Jesus was referring to John. John, if you by your attitude of exclusiveness or superiority causes one who believes in me to stumble – that is to stop doing something of God and therefore to sin – you should be drowned.
Hey, Jesus, over-reaction buddy!
But no! John had made a mistake. He had missed the mark. He had sinned in his action. And we may look at this and think, “Wow, not the worst sin you might have committed” but it was sin.
Why was it sin. John had despised God. He had assumed that God was not working outside of the 12. That they only were the purveyors of the truth. John was doing exactly what the pharisees were doing – excluding any possible work of God which was not authorized out of their own group. And yet truth is truth – and God is working in the world.
Jesus’ message is very clear – sin is so serious that you should cut it out!!
Now, the imagery, you would be glad to know, is only imagery. Of course He is not telling you to cut parts of your body off. His point is that sin is so dangerous, so bad, so infecting that you must get rid of it at all costs – at all costs.

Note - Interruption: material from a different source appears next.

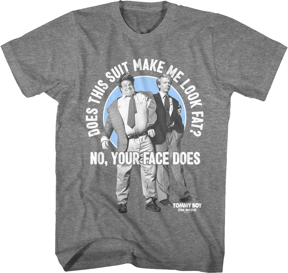 This Tommy Boy t-shirt shows Tommy Callahan and Richard Hayden. The shirt reads Does This Suit Make Me Look Fat? No, Your Face Does.

We must not entertain it, we must not play with it, we must not dabble in it. Because if we do, it will be nasty.
In fact the image Jesus uses of Gehenna – hell – was so vivid everyone knew it.
I am sure many of you know that next to Jerusalem was the valley of Hinnom. It was in Jesus’ day the garbage dump of the city – the place of refuse. It was the location of Israel’s most terrible lapses into pagan worship. It was were Ahaz instituted fire-worship to Baal and the sacrifice of little children into the fire – (2 Chron 28:3). And it was were Josiah, in 2 Kings 23:10 declared it to be an unclean place . In Jesus’ day this valley was constantly smoldering with fire and huge, gross worms bred in the refuse.
When Jesus talks of sin and Gehenna – he is linking the word with a visual example – sin is gross and it is unclean and everyone would do whatever it took to make sure they did not get thrown into the Valley of Hinnom.
Sin is very, very serious and we must realize this.
Remember we must hold the grace of our forgiveness on the one hand, and the realization of the terribleness of sin and it’s power and consequence.
Which is why James exhorts us to Submit yourselves therefore to God. Resist the devil and he will flee from you. Draw near to God and he will draw near to you.
As we begin to submit ourselves to God – and to consciously resist the devil – the two go together; when we submit to God we will automatically resist the devil – as we begin to do this we will start to know the power of God lifting us up. We will start to be set free from some of the sins we have struggled with.
When we depart from the Lordship of God, when we begin to sin, even a ‘little’ sin – we begin to walk on very dangerous ground – we walk outside the protection of God – we leave the safety of God’s provision.
When we realize the seriousness of sin, it should drive us harder into the arms of God. It should spur us to keep short accounts with God – to confess our sins regularly and as this happens we begin to keep our distance from the dangerous ground of sin.
I want to end with a quotation from Charles Spurgeon. I found this a wonderful illustration and succinctly encompasses my message this morning. He says:
Have you heard of the minister who complained to the devil for running off with one of his church members? The fiend replied, “I found him on my premises and therefore I claimed him.” I may say “Stop” to the arch-deciever but it will be of no use if he finds you on his territory. Every fowler claims the bird which he finds in his own net. This is the argument, “I caught him in my net and therefore he is mine.” We shall in vain try to dispute this right of property with the arch-deceiver, for possession is 9 points of the law.